Add diagram to DeepSeek Sparse Attention content for clarity

vukrosic · vukrosic · commit bebbb9c246d8 · 2025-10-01T20:37:01.000+02:00
- Included an illustration of the Attention Architecture to enhance understanding of the DeepSeek Sparse Attention (DSA) mechanism.
- Removed the duplicate image to streamline the document and maintain focus on the new diagram.
- Updated accompanying text to clarify the relationship between DSA and Multi-Head Latent Attention (MLA).
diff --git a/public/content/deepseek-sparse-attention/deepseek-sparse-attention-content.md b/public/content/deepseek-sparse-attention/deepseek-sparse-attention-content.md
@@ -37,6 +37,9 @@ Doubling the text length from 10,000 to 20,000 tokens doesn't just double the co
 
 Instead of having each token attend to all previous tokens, DeepSeek Sparse Attention (DSA) intelligently selects a small, fixed-size subset ($k$) of the most relevant previous tokens to attend to.

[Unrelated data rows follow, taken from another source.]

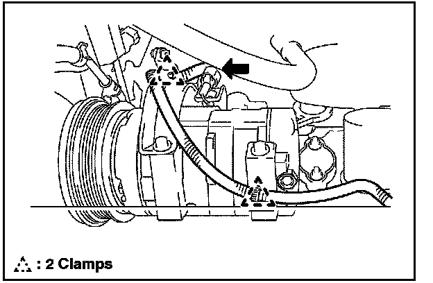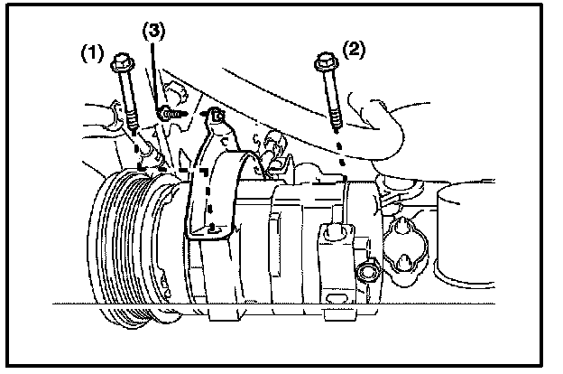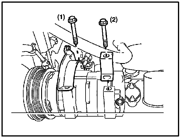 A. Install the compressor and the magnetic clutch, the stay, and bracket with the 2 bolts.
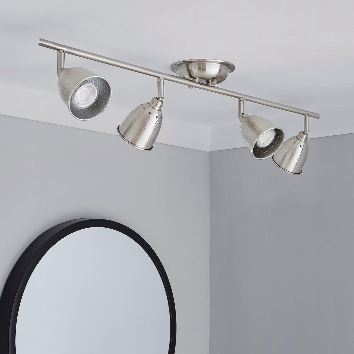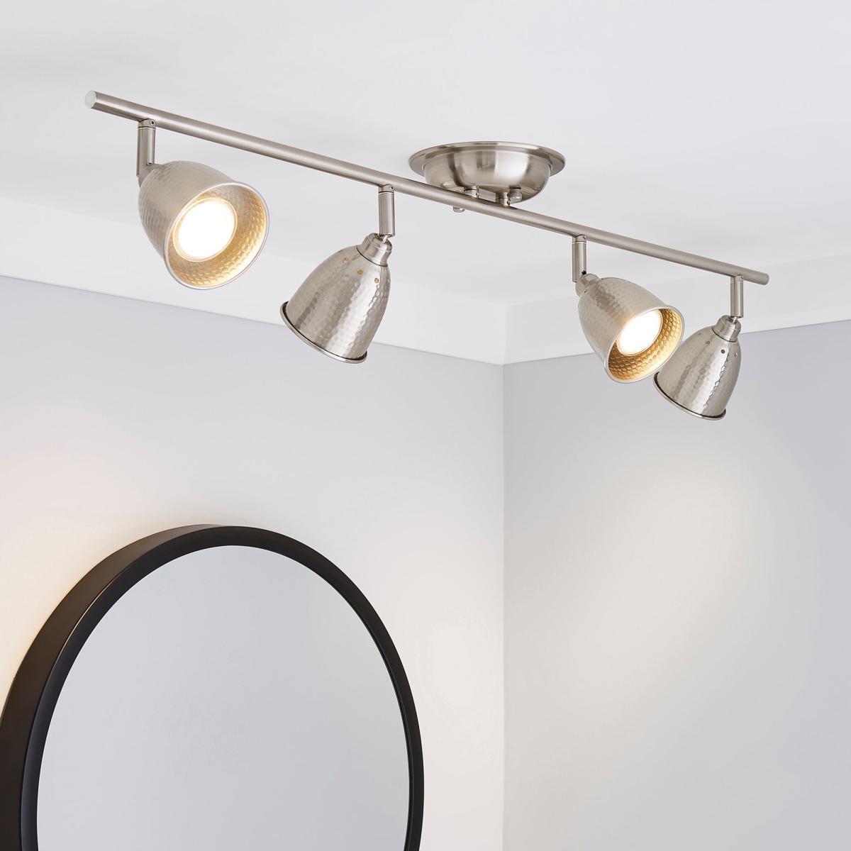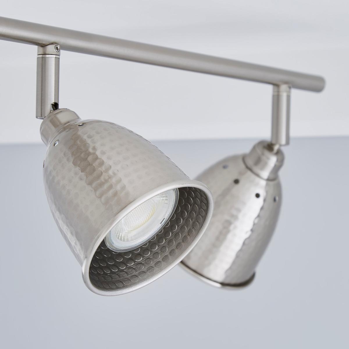 Featuring four spotlights with hammered-effect shades, this ceiling light is finished in a satin nickel effect and is dimmer switch safe. Please note that bulbs are not included with this light feature.
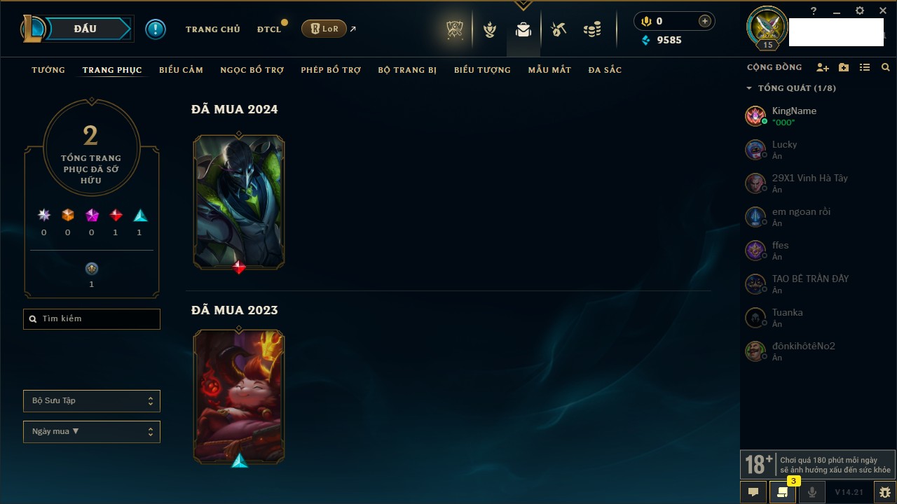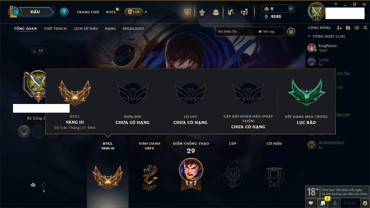 Rank Đơn: Chưa rank mùa nàoKhung: Chưa có khungTướng: 23 - Còn 2245 THXTrang Phục: 2Rank ĐTCL: Chưa RankLinh Thú: 28
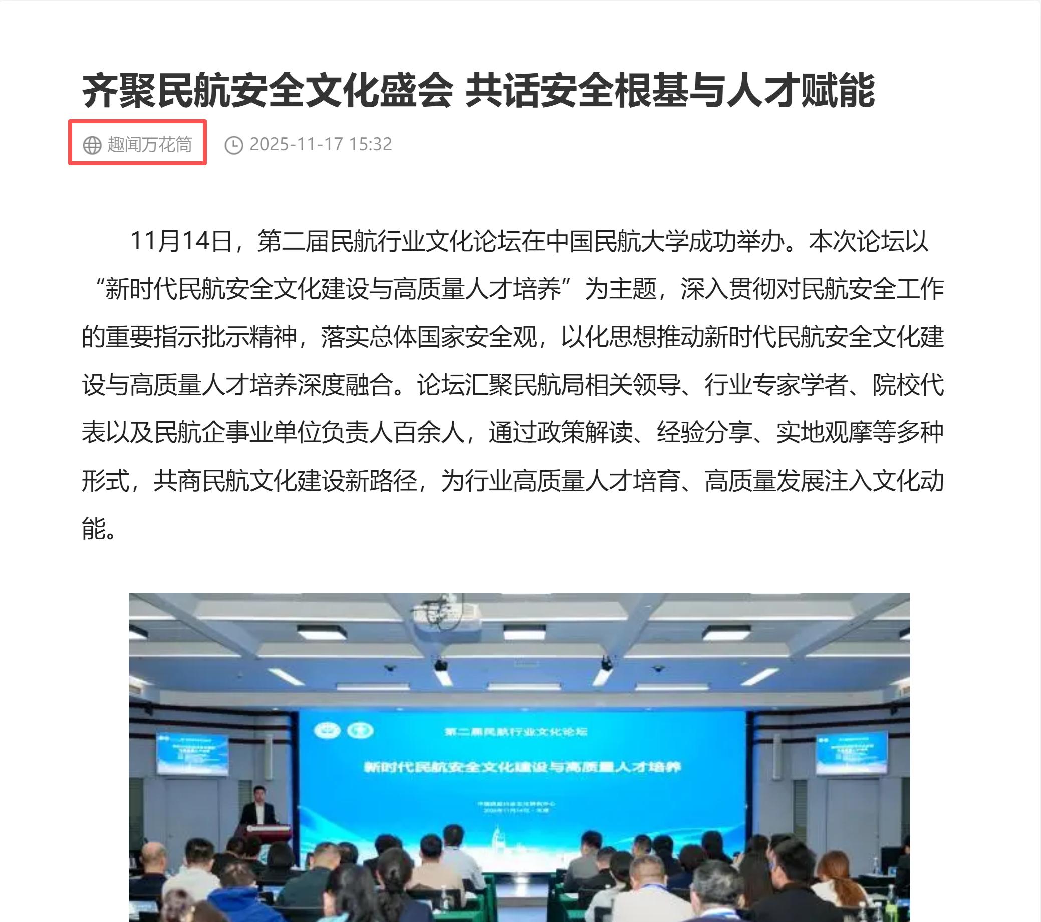 11月14日,第二届民航行业文化论坛在中国民航大学成功举办。本次论坛以“新时代民航安全文化建设与高质量人才培养”为主题,深入贯彻对民航安全工作的重要指示批示精神,落实总体国家安全观,以化思想推动新时代民航安全文化建设与高质量人才培养深度融合。论坛汇聚民航局相关领导、行业专家学者、院校代表以及民航企事业单位负责人百余人,通过政策解读、经验分享、实地观摩等多种形式,共商民航文化建设新路径,为行业高质量人才培育、高质量发展注入文化动能。
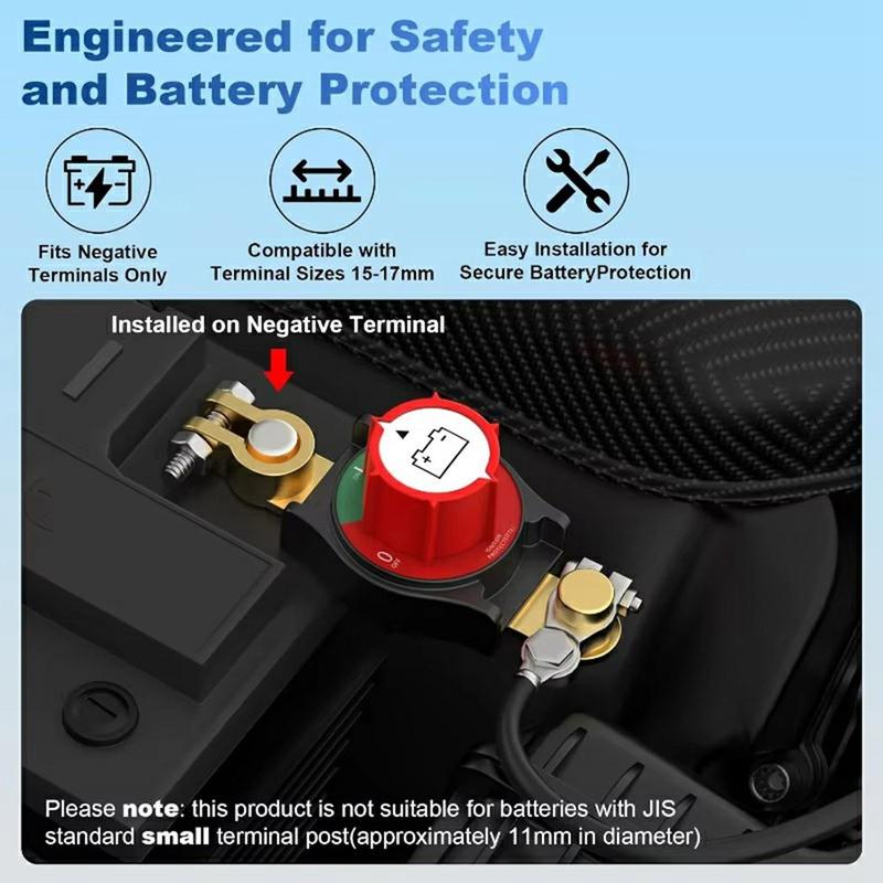 Utilisez-le dans une voiture stationnée plusieurs jours d'affilée, dans un camion nécessitant une coupure fiable de la batterie pendant l'entretien, dans un camping-car pendant le remisage hors saison, ou dans un bateau pour éviter toute décharge indésirable lorsque celui-ci n'est pas utilisé. Il est également utile pour les installations de camping et autres systèmes alimentés par batterie où une isolation rapide est importante.

This changes the complexity from $O(L^2)$ to $O(L \cdot k)$, which is much more manageable since $k$ is a small constant (e.g., 2048) and $L$ can be very large (e.g., 128,000 or 2,000,000).
 
+![Attention Architecture](/content/deepseek-sparse-attention/Attention-architecture.png)
+
+*Let's explain how DSA (marked in green) works with MLA (Multi-Head Latent Attention).*
 
 DSA is made of two main components:
 
@@ -120,7 +123,6 @@ They didn't train this model from scratch. They cleverly adapted an existing, po
 #### Stage 2: Post-Training
 After the pre-training was done, they fine-tuned the model for specific tasks (like coding, math, reasoning, and following instructions) using Reinforcement Learning (RL). Crucially, they used the **exact same data and methods** as they did for the original DeepSeek-V3.1-Terminus model. This ensures a fair comparison between the dense and sparse models.
 
-![Attention Architecture](/content/deepseek-sparse-attention/Attention-architecture.png)
 
 ---